At No. 1, sophomore Sasha Ermakov played masterfully with Ashwin Kumar, as the pair repeatedly confounded their opponents by turning balls that looked like excellent passing shots into deceptive, sharply angled drop volleys.
“Because Ashwin volleys so well, they kept ripping shots at Sasha,” said Harvard coach Dave Fish ’72. “He did a marvelous job of returning tough balls; he was awake and alert.”
Ermakov missed the beginning of the spring season because of loose cartilage in his ankle. He practiced as hard as possible given his injury—hitting while seated, maintaining his strength—and would have been ready to play against No. 3 Virginia 12 days earlier but contracted pneumonia.
In his second match back—his first was a two-win effort against Pacific—Ermakov seemed to be enjoying every second on the court.
“Sasha’s a hard out in the lineup,” said Fish, using baseball terminology jokingly after the match.
Ermakov took his singles match at No. 6 by a score of 6-2, 6-2. He and Kumar—who won at No. 3, 6-2, 6-2—carried their momentum from their earlier doubles match, winning very quickly and bringing Harvard to the edge of victory.
Gideon Valkin clinched that victory at the No. 5 position, 6-2, 6-3, holding off an impassioned late run by his opponent with his trademark shot, running around his backhand to blast powerful but controlled forehands.
During his match, he and Chris Clayton—who lost 6-1, 6-0—bantered with each other from opposite sides of a grandstand, their tone in line with the jovial atmosphere of the day for Harvard.
“It feels great for the team to be rewarded,” Valkin said, referring to the early-season struggles with injuries.
After the victory was clinched, Denenberg ran out of the momentum he had built initially, losing in a supertiebreak at No. 4 after winning the first set, 6-3, and losing the second, 6-4.
No. 3 Dan Nguyen won, 7-6, 6-2, staying true to his tradition of playing some of the Crimson’s longest matches.
After the match, the players joked around with each other, clearly enjoying the sun and what Clayton called the “unprecedented moment in Harvard tennis history.”
Commenting on the team’s preparation for the its first outdoor match since last fall, Clayton continued joking, “within minutes, the shirts are off, the sunblock’s on, and we’re burning up the courts.
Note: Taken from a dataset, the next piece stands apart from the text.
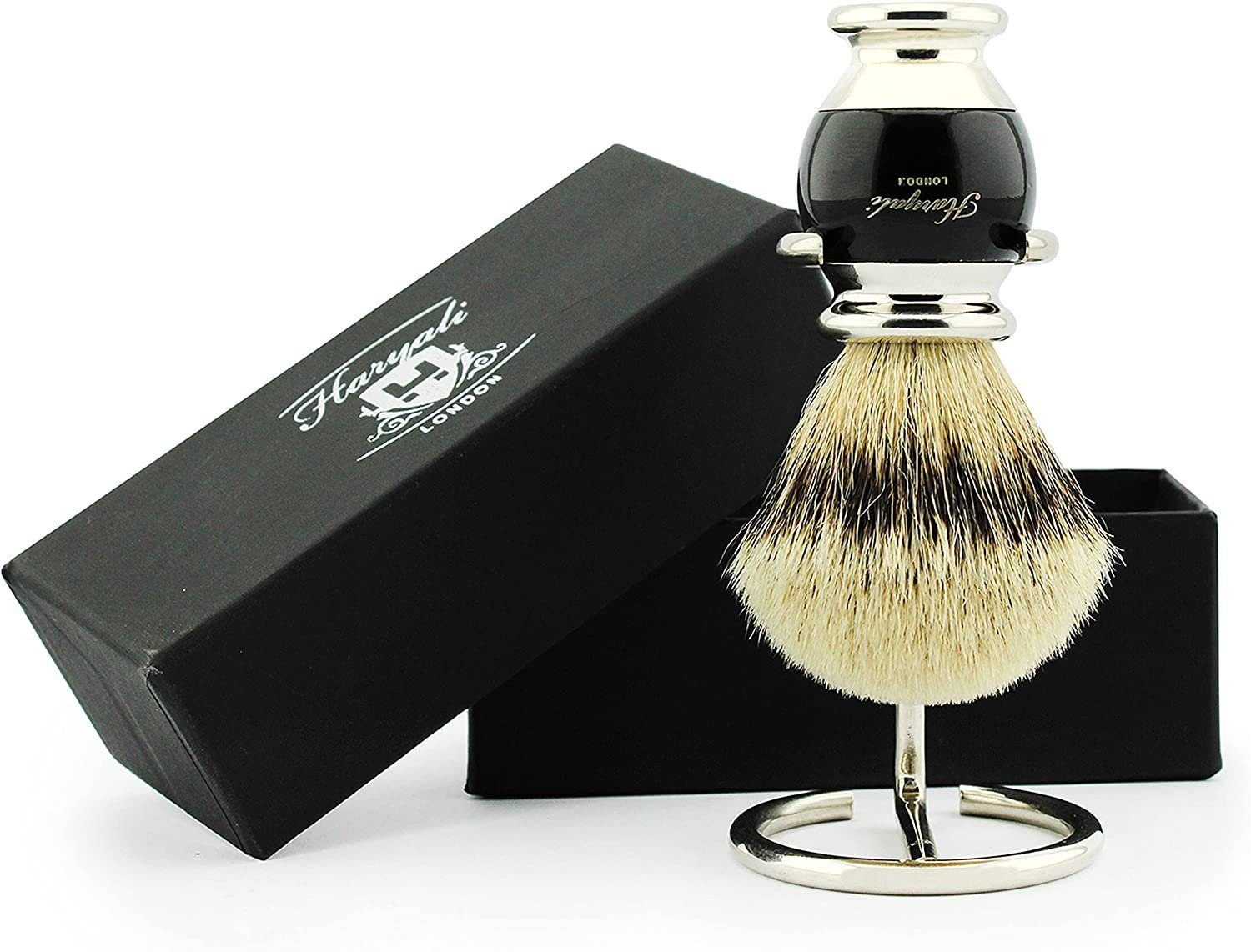 Haryali London Rasierpinsel-Set – Rasierpinsel mit besten Borstenhaaren – Pinselhalter – Perfekter Rasierpinsel für Damenrasierer und Herren-Nassrasierpinsel – Schwarzer Rasierpinsel mit Metallgriff

We shake and bake.”
HARVARD 6, PACIFIC 1
The Crimson’s first scheduled outdoor match was moved inside due to heavy rain on Monday, but Harvard took the change in stride, pummeling the Tigers, 6-1.
The match was notable mostly for the return of Ermakov to the lineup.
“Other than Ashwin’s loss, it was really straightforward, wonderful tennis,” Fish said.
The Crimson won in straight sets at five singles spots, with only Kumar losing at No. 3 in three sets, 4-6, 7-6(5), 6-4.
The Crimson doubles teams swept, with Kumar and Ermakov winning, 8-4, at No. 1, Nguyen and Burke winning, 8-6, and Valkin and Denenberg winning, 8-3.